Do voters really support that and if they do, are they happy to be rated more to pay for it?

Unlike the minimum wage, the living wage takes no account of the value of work being done or the danger that some businesses couldn’t survive if they were forced to pay it.

It’s also based on what a vicar thinks a family of four needs to participate in society which ignores the fact that not everyone has to support a family of four on their wages, and if they do Working For Families would give them a generous top-up if they were on a low wage.

New Zealand isn’t a high-wage economy and that’s a weakness. But the solution is increased productivity and upskilling, not the job-threatening imposition of the so-called living wage.


Delusion and hypocrisy

December 14, 2013

Mike Hosking’s award for for financial delusion using other people’s money goes to the Wellington City Council committee which voted for the living wage plan.

. . . Let’s just work through how this will unfold. Wellington City Council will pay their contractors their perception of this ‘living wage’. What then happens is two fold.

Firstly everyone else who does similar work will want the same pay rate, thus putting pressure on companies that can’t afford it given they don’t have the luxury of a fiscal well that can be drawn from at any given moment. Spending money is always easy when it isn’t your own.

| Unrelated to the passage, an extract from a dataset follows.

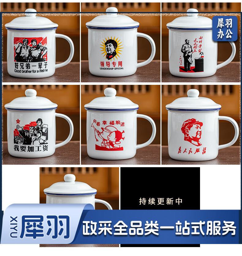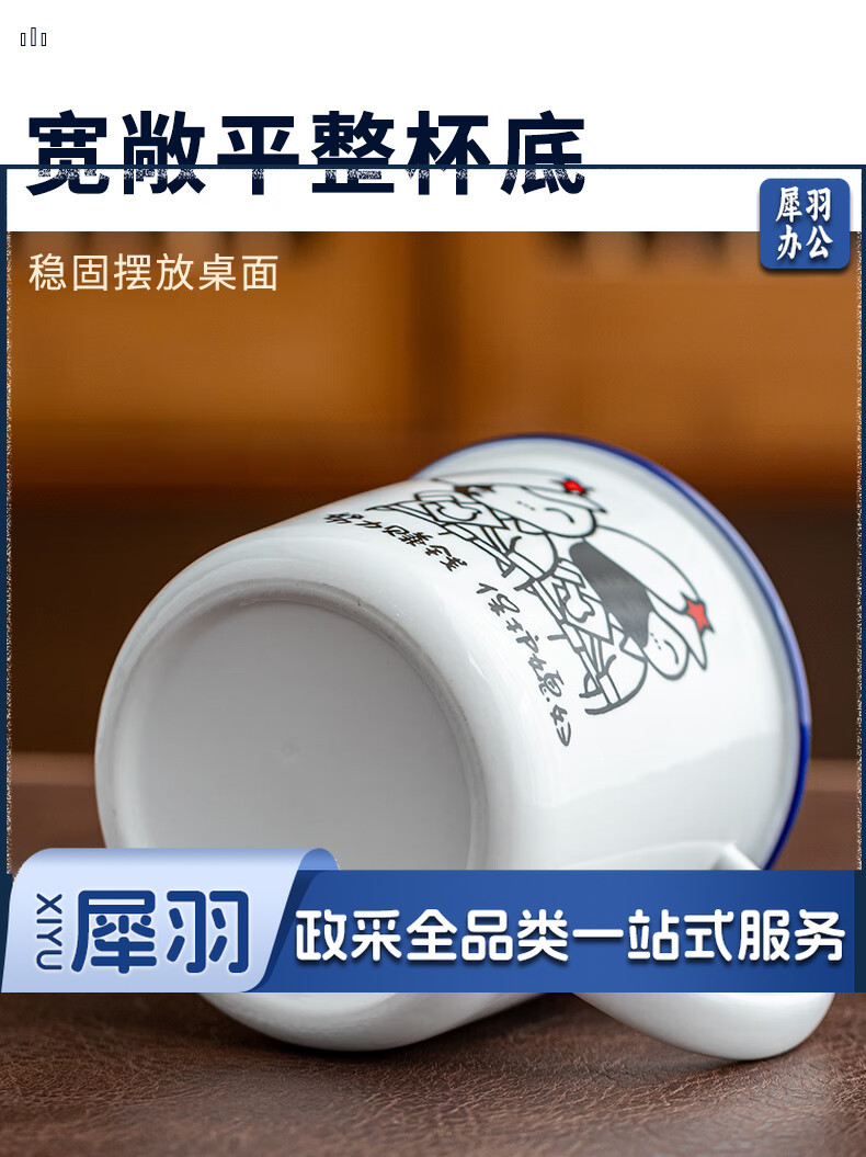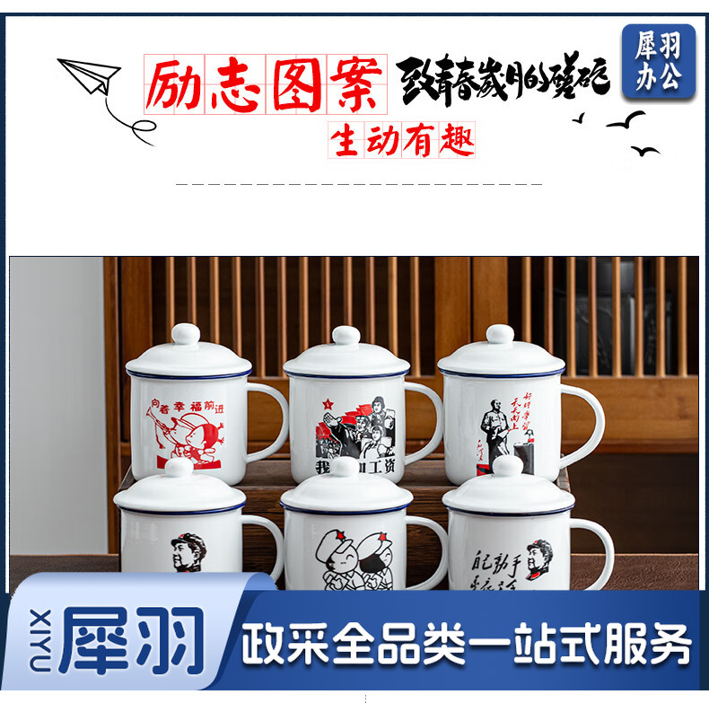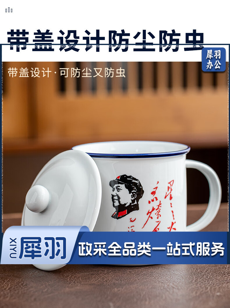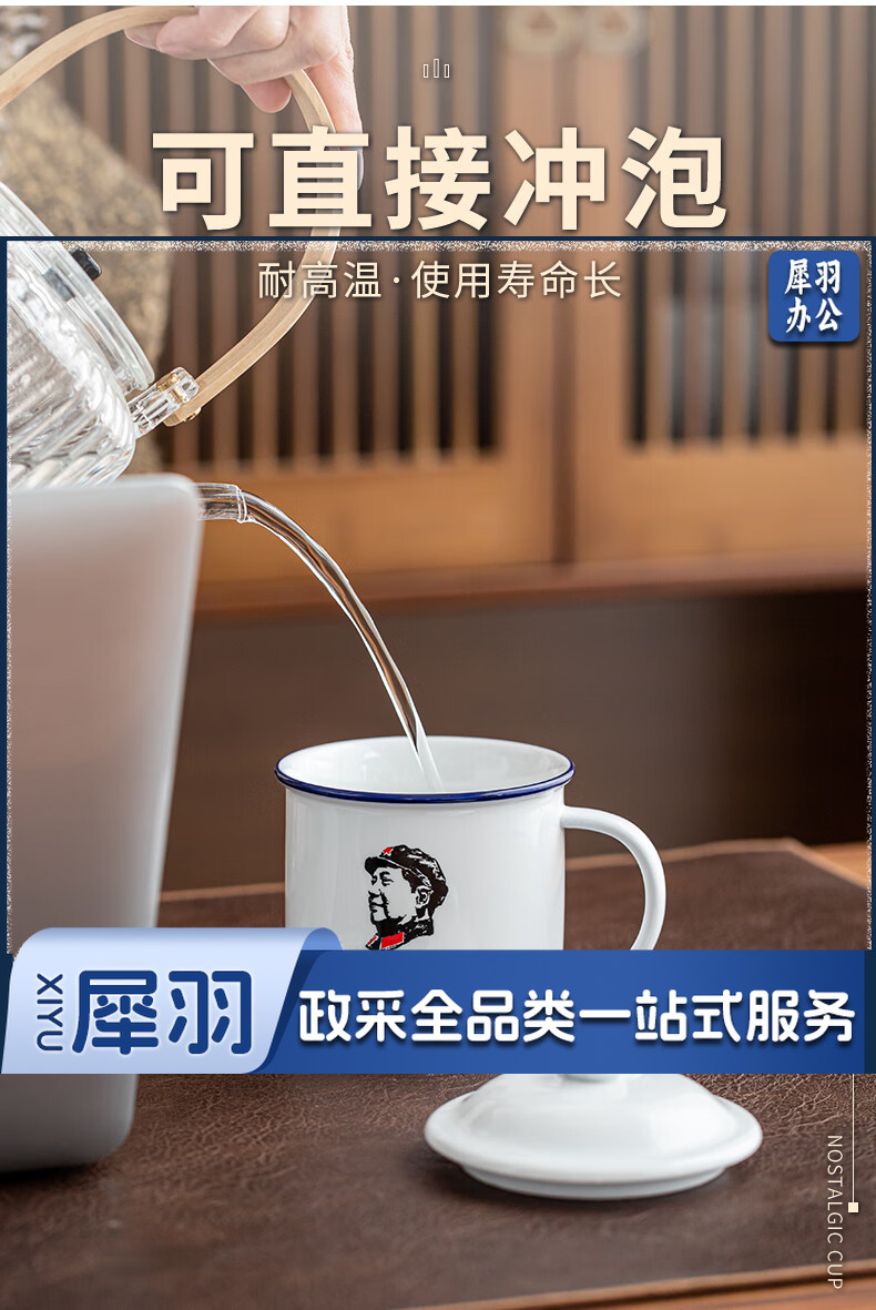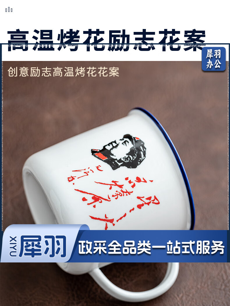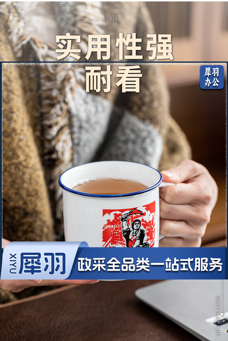 陶瓷马克杯带盖复古水杯办公室创意个性潮流怀旧经典仿搪瓷杯杯子 【450ml加厚款】为人民服务-cpy6811-cpy2033

After that happens, everyone will want more because you will have created a fiscal distortion in the workplace. And once everyone has stuck their hand up, all of a sudden it won’t be a living wage anymore. It will just be a wage that lots of people get. And given they’ve got it, they’ll spend it. And when they spend it, it will drive inflation up, which will lead to price increases, which will lead to the same clowns who started it saying “jeez, that wage isn’t going as far as it used to, so we’ll top it up again”. . .

 Anyway, the upshot is all this is going to do is add a cost to doing business. When you do that, the consumer ends up paying or people start losing their jobs. . .

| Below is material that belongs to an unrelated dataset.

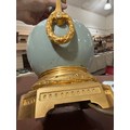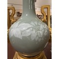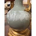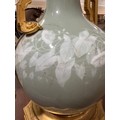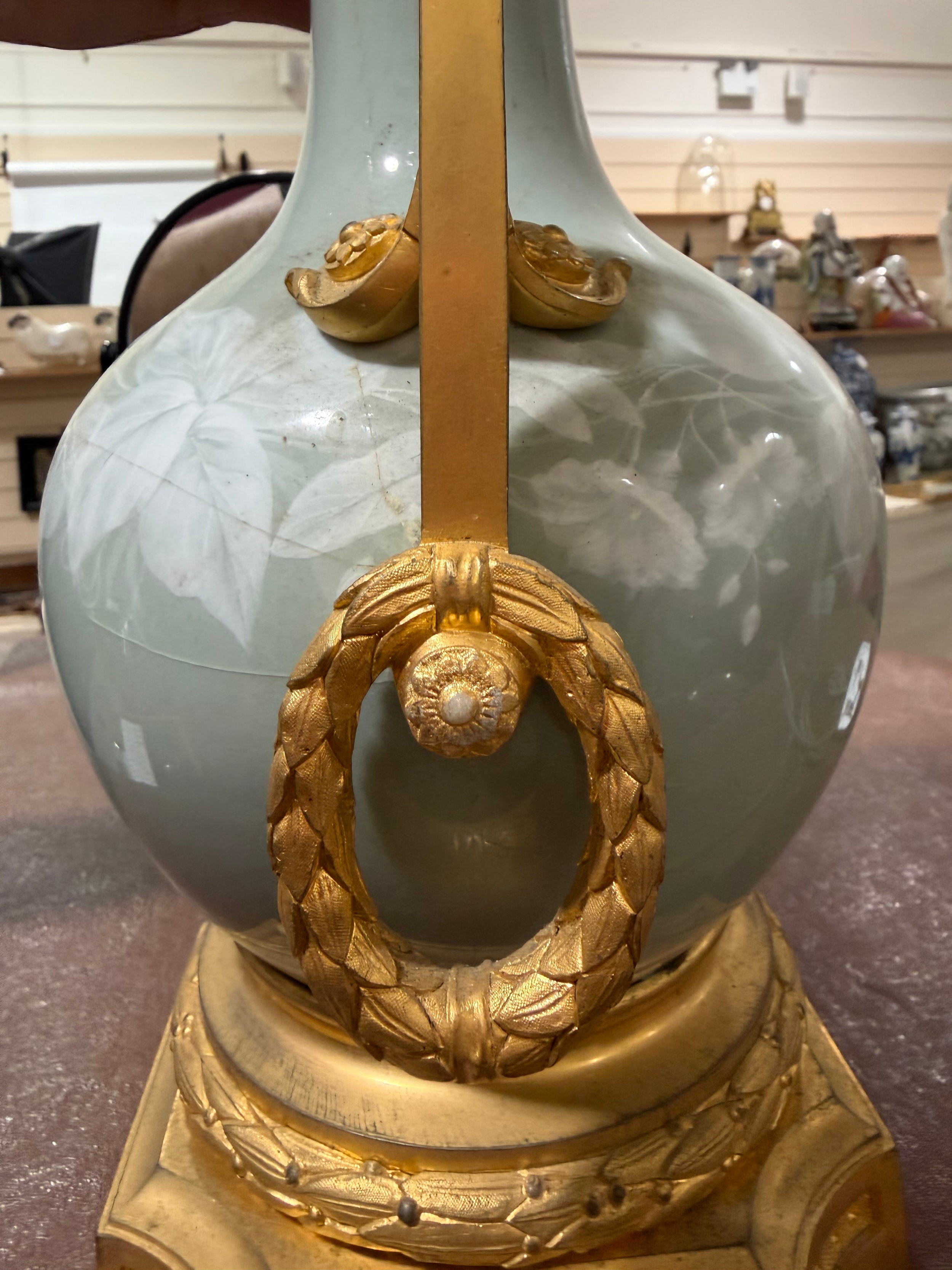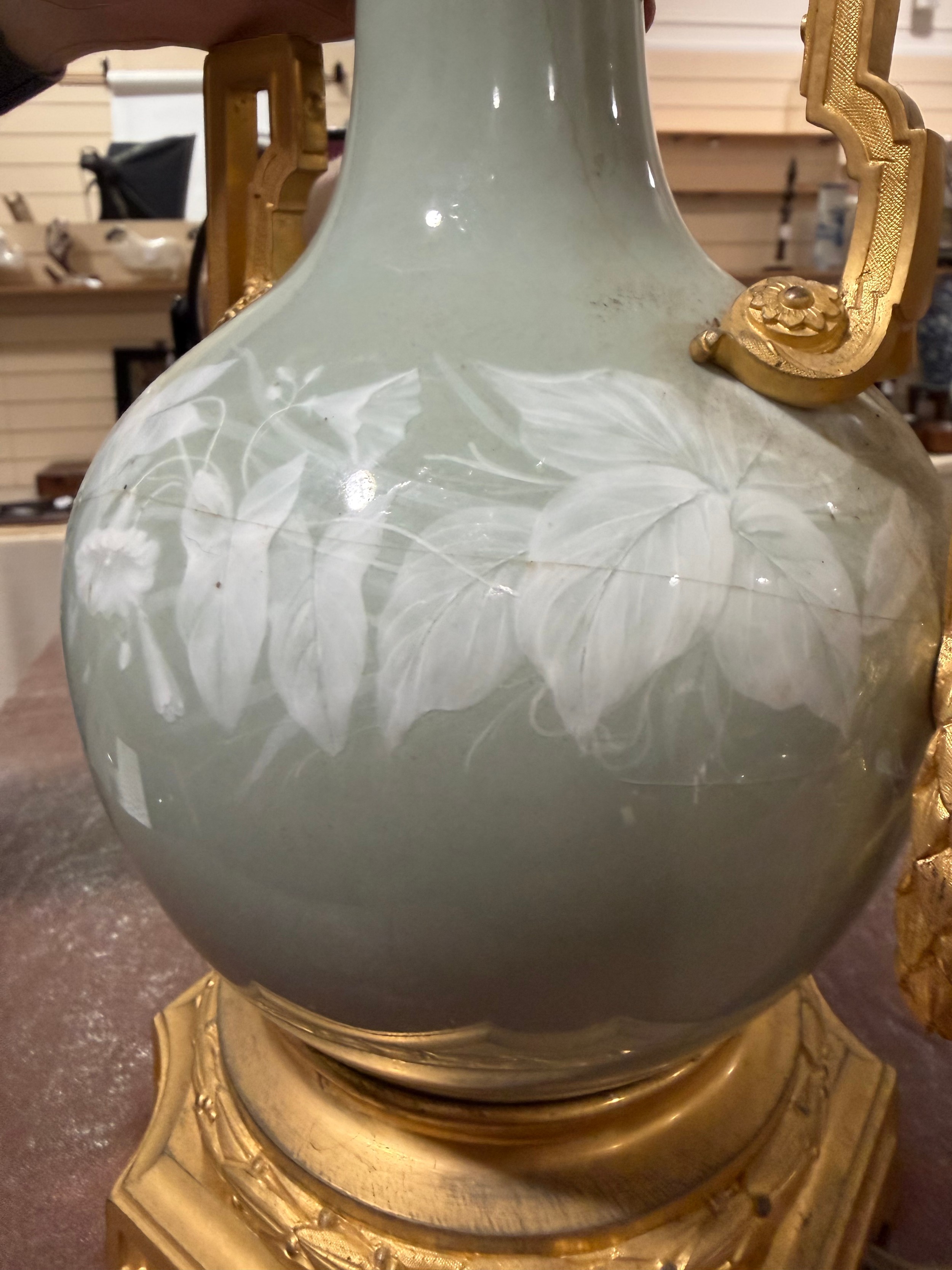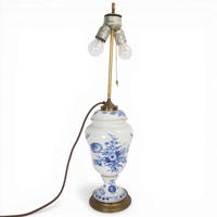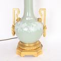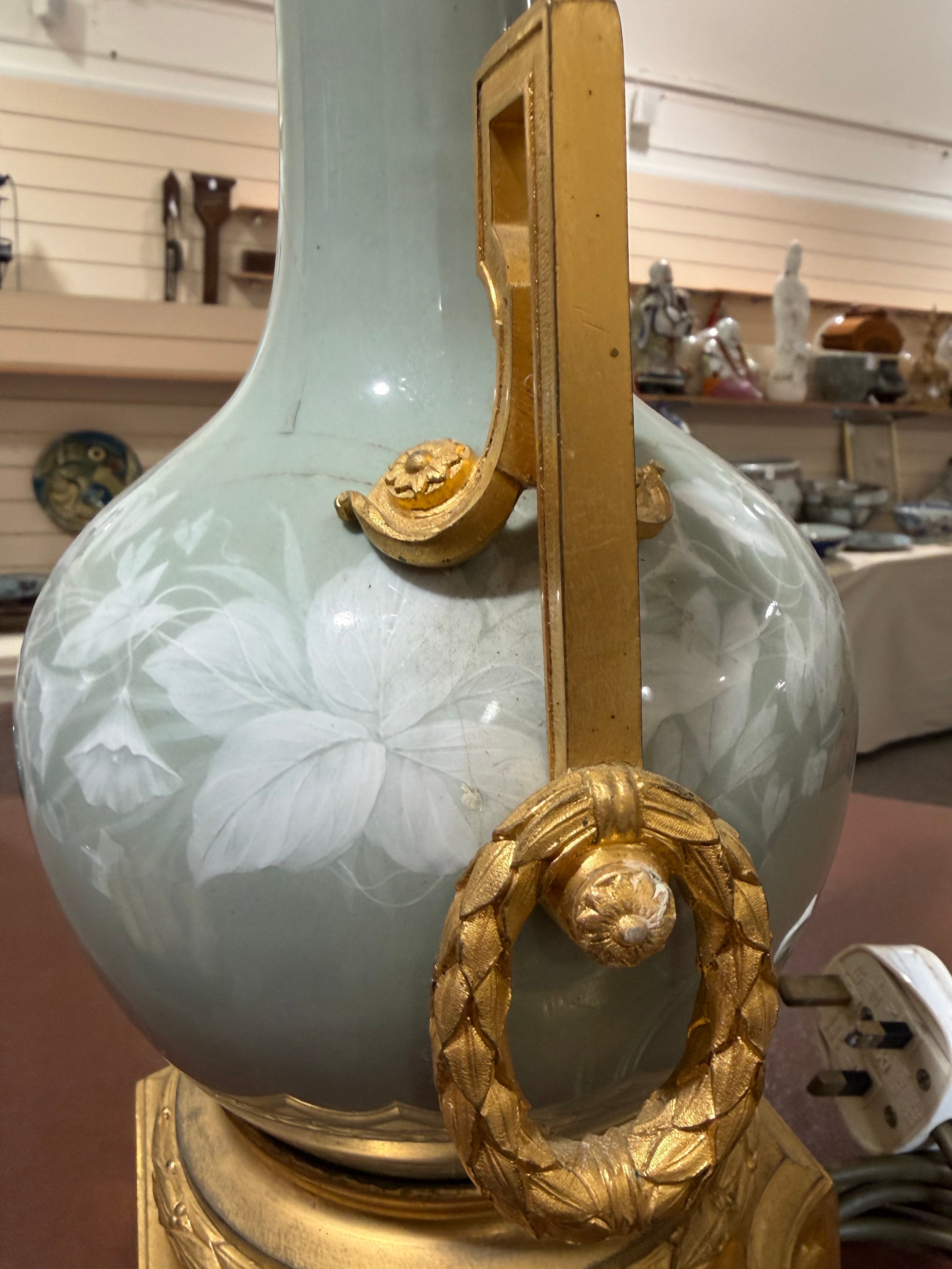 A 19th century French porcelain and ormolu mounted table lamp, overall height including fitting 52cm

If businesses want to adopt a living wage for their employees, that’s their business and their money.

Councils have very little of their own money. They might make a bit more from council owned companies and recover costs from some activities but most of what they have is what’s earned by and paid to them by ratepayers.

Some of them are businesses which might want to pay their own staff more but can’t afford to do so.

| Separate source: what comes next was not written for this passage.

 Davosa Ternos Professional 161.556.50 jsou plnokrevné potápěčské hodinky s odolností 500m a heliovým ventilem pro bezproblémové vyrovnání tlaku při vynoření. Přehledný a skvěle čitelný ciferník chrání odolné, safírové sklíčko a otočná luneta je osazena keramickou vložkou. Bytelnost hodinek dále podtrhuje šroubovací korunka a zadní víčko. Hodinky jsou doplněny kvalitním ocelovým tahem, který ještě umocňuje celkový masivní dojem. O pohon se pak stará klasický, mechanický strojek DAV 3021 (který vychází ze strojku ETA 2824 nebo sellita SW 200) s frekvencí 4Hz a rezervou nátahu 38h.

One of the businesses that doesn’t is owned by a councillor who voted for the policy:

It wasn’t within the rules, but new councillor Nicola Young attempted to make a point about the living wage with an amendment yesterday.

Before voting against the living wage plan, Ms Young tried to move “that all councillors who support implementation of the living wage assure us that they will pay the living wage to their employees – including cleaners, baby-sitters, gardeners – with the same implementation date as Wellington City Council”.

The move followed fellow fresh councillor Mark Peck – who supported the living wage – admitting that he did not pay all his hospitality staff $18.40 – “and I won’t”. . .

Jordan Williams of the Taxpayers Union responded:

“Some councillors supported charging ratepayers more to pay a living wage for council employees when they won’t do the same for their own staff.”
 
“In the case of Cr Mark Peck his reported comments suggest that he can afford to pay his hospitality staff a living wage but just ‘won’t’.”
 
“That is shameful. He is happy for Wellington ratepayers, including those living in poverty, to pay more for something he doesn’t see the value of.”
 
“It’s a case of hypocritical politicians spending other people’s money on something they won’t. So much for Cr Peck being a steward of ratepayers’ money.”

So there we have it the financially deluded and hypocritical are running the capital city.

Those of us who live there can only hope the delusion and hypocrisy is stopped at the full council meeting and the rest of us will hope it doesn’t spread any further.